Darussalam – Pesatnya kemajuan teknologi merambat di semua bagian kehidupan manusia termasuk dalam bidang informasi. Perkembangan teknologi khususnya dalam bidang informasi dan komunikasi membuat akses dan penyebaran informasi semakin cepat dan mudah. Namun, hal ini bagaikan pisau bermata dua. Ada banyak keuntungan yang kita dapatkan seperti kemudahan akses informasi dan menghemat waktu serta biaya. Namun di sisi lain, jika tidak dimanfaakan secara bijak bisa membawa dampak buruk misalnya kejahatan cyber, pornografi, renggangnya hubungan sosial di kehidupan nyata, hingga brainrot yang menjadi perbincangan hangat setahun belakangan.
Istilah brainrot telah menjadi perbincangan hangat di media sosial sejak tahun 2024 lalu yang dipopulerkan oleh Gen Z dan Gen Alpha. Brainrot juga dinobatkan oleh Oxford sebagai word of the year 2024 berdasarkan hasil pemungutan suara yang dilakukan oleh 37.000 orang selama dua minggu. Penobatan brainrot sebagai word of the year dianggap sebagai bentuk kekhawatiran masyarakat terhadap penggunaan media sosial secara berlebihan.
Brainrot sendiri, secara harfiah diartikan sebagai pembusukan otak. Namun, dalam konteks era digital, brainrot merujuk pada suatu kondisi terjadinya penurunan fungsi kognitif dan mental seseorang akibat konsumsi konten-konten yang berkualitas rendah secara berlebihan.
Untuk mengenali apakah kita mulai mengalami brainrot, ada beberapa gejala yang muncul dalam kehidupan sehari-hari. Gejala-gejala tersebut di antaranya adalah mudah lupa bahkan hal-hal sederhana, kesulitan berkonsentrasi, dan menurunnya attention span.
Penyebab utama brainrot adalah paparan informasi/konsumsi konten-konten online berkualitas rendah, tidak informatif, dan repetitif secara berlebihan. Beberapa faktor utama yang memicu brainrot adalah:
- Konsumsi konten-konten di media sosial secara berlebihan
Media sosial telah menjadi bagian tak terpisahkan dari kehidupan manusia khususnya anak dan remaja. Media sosial bisa menjadi wadah untuk menyebarkan ilmu pengetahuan dengan cara yang lebih menarik atau sekadar melepaskan stres. Namun jika tidak dibatasi, paparan informasi secara terus menerus tersebut akan mendatangkan dampak negatif terhadap manusia.

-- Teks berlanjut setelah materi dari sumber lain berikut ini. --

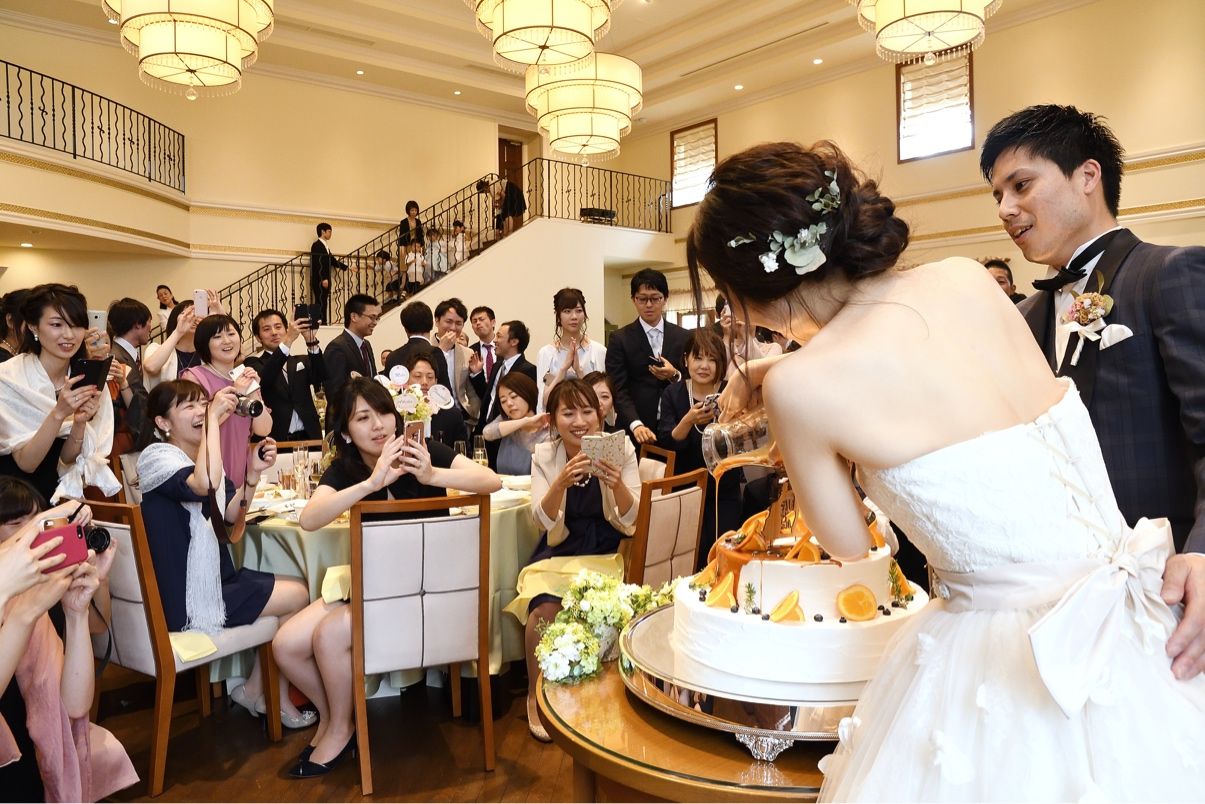 ファーストバイトは行わず、お互いの母にサンクスバイトを行いました! ケーキカットの代わりにケーキドリップでキャラメルソースをかける演出を行いました!
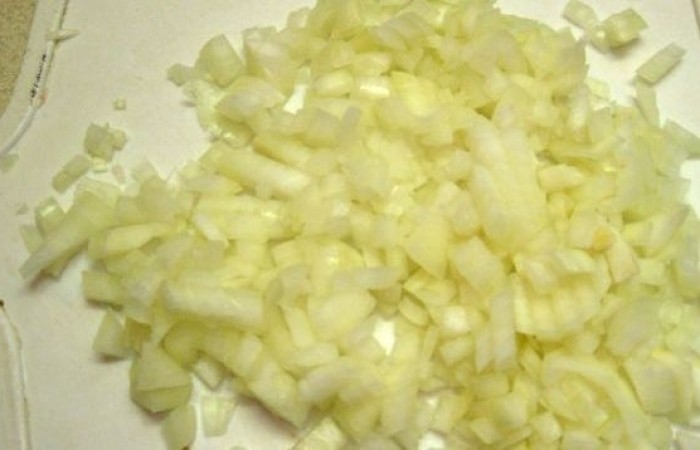 3Тем временем лук нарезаем небольшими кубиками.
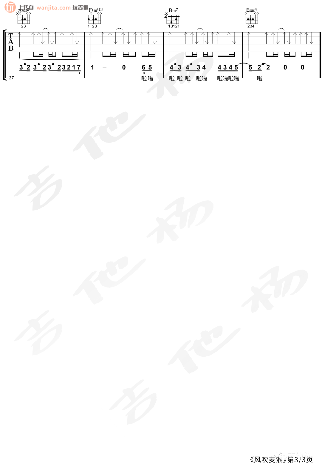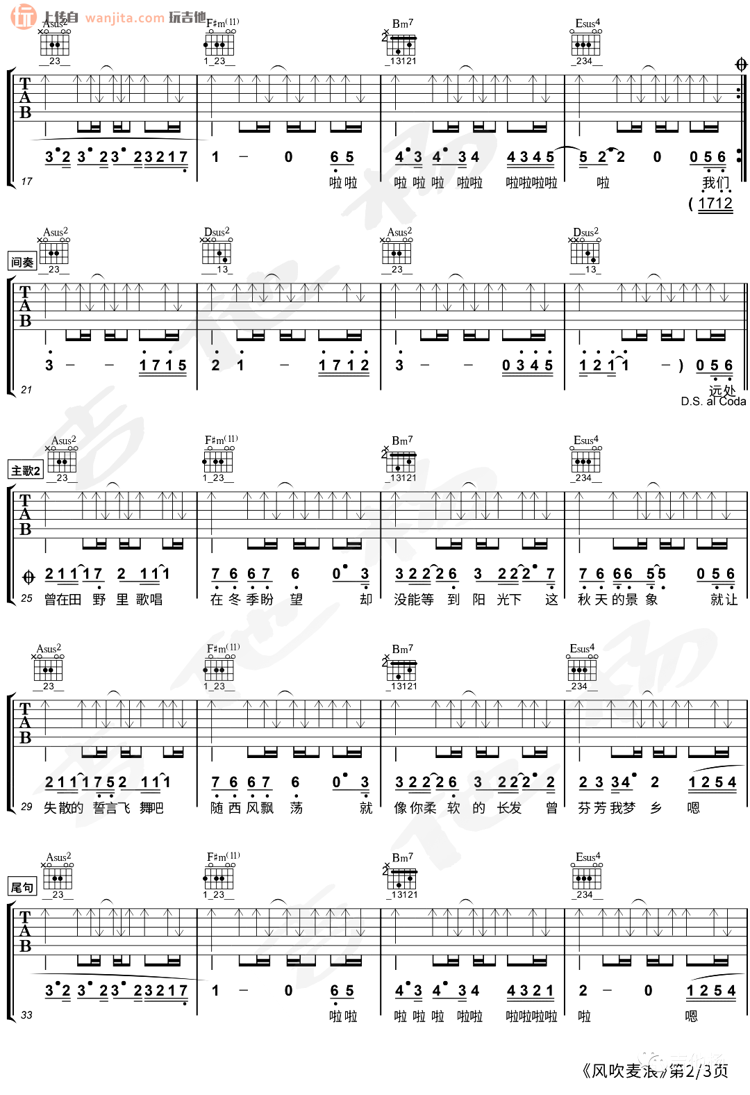 曲谱介绍: 这首吉他谱总共3张高清图片谱例,由吉他张制谱分享。,选用A调,不使用变调夹。这首舒缓的民谣歌曲和弦部分还是有一定的难度,不适合新手学习,这首歌曲的温柔塑造是顶级的,所以吉他的演绎更加显得有味道。 《风吹麦浪》吉他弹唱演示
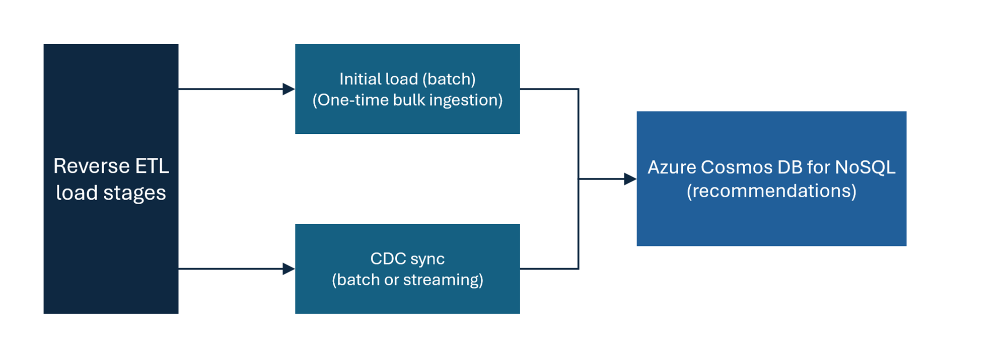 Initial load: The initial load is a one-time batch process step to ingest all historical data from Delta Tables into Azure Cosmos DB for NoSQL. It sets the foundation for your reverse ETL pipeline by ensuring the operational data store has complete historic data. This load is a fundamental step before starting incremental sync of data.
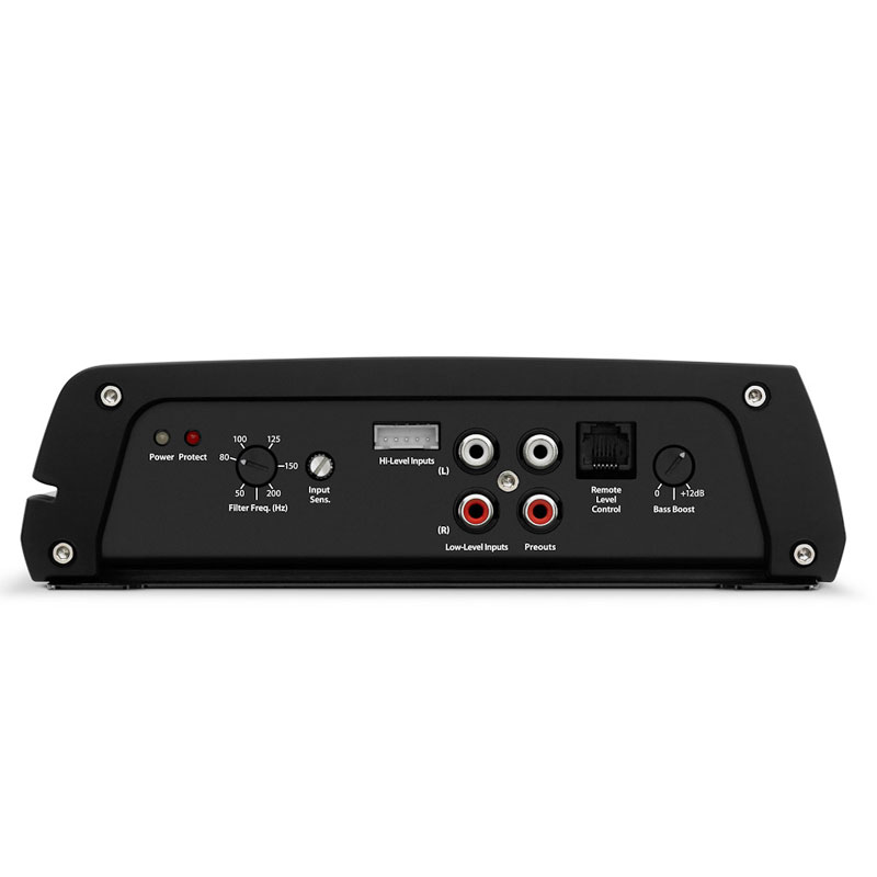 Targeted specifically for subwoofer applications, the JX500/1D includes a low-pass filter with continuously variable cutoff frequency selection from 50-200 Hz. It also features a variable bass boost at 45 Hz. with up to 12 dB of boost and an optional remote boost control. Dedicated hi-level inputs are included, in addition to conventional low-level RCA inputs, making it easy to integrate with a variety of OEM and aftermarket head units.
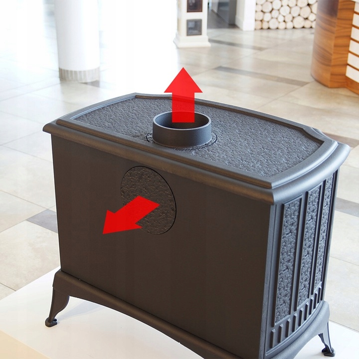 - Возможность установки отвода выхлопных газов сзади или сверху печи.

- Kurangnya akivitas fisik dan sosial
Berbagai penelitian telah membuktikan bahwa aktivitas fisik dan sosial berhubungan erat dengan kesehatan mental. Aktivitas fisik dapat berfungsi sebagai intervensi yang efektif untuk mengatasi masalah kesehatan mental, seperti depresi dan kecemasan.
Gejala-gejala tersebut, jika tidak dikenali dan segera diatasi, maka akan menimbulkan dampak yang lebih serius. Dampak-dampak tersebut di antaranya overstimulasi, stress parah, penurunan kemampuan pengambilan keputusan, dan penurunan kualitas tidur.
Untuk menghindari dampak-dampak buruk tersebut, ada beberapa hal yang bisa kita mulai biasakan yaitu dengan menggunakan sosial media dengan bijak, menyalurkan stres dengan sehat, dan melakukan digital detox.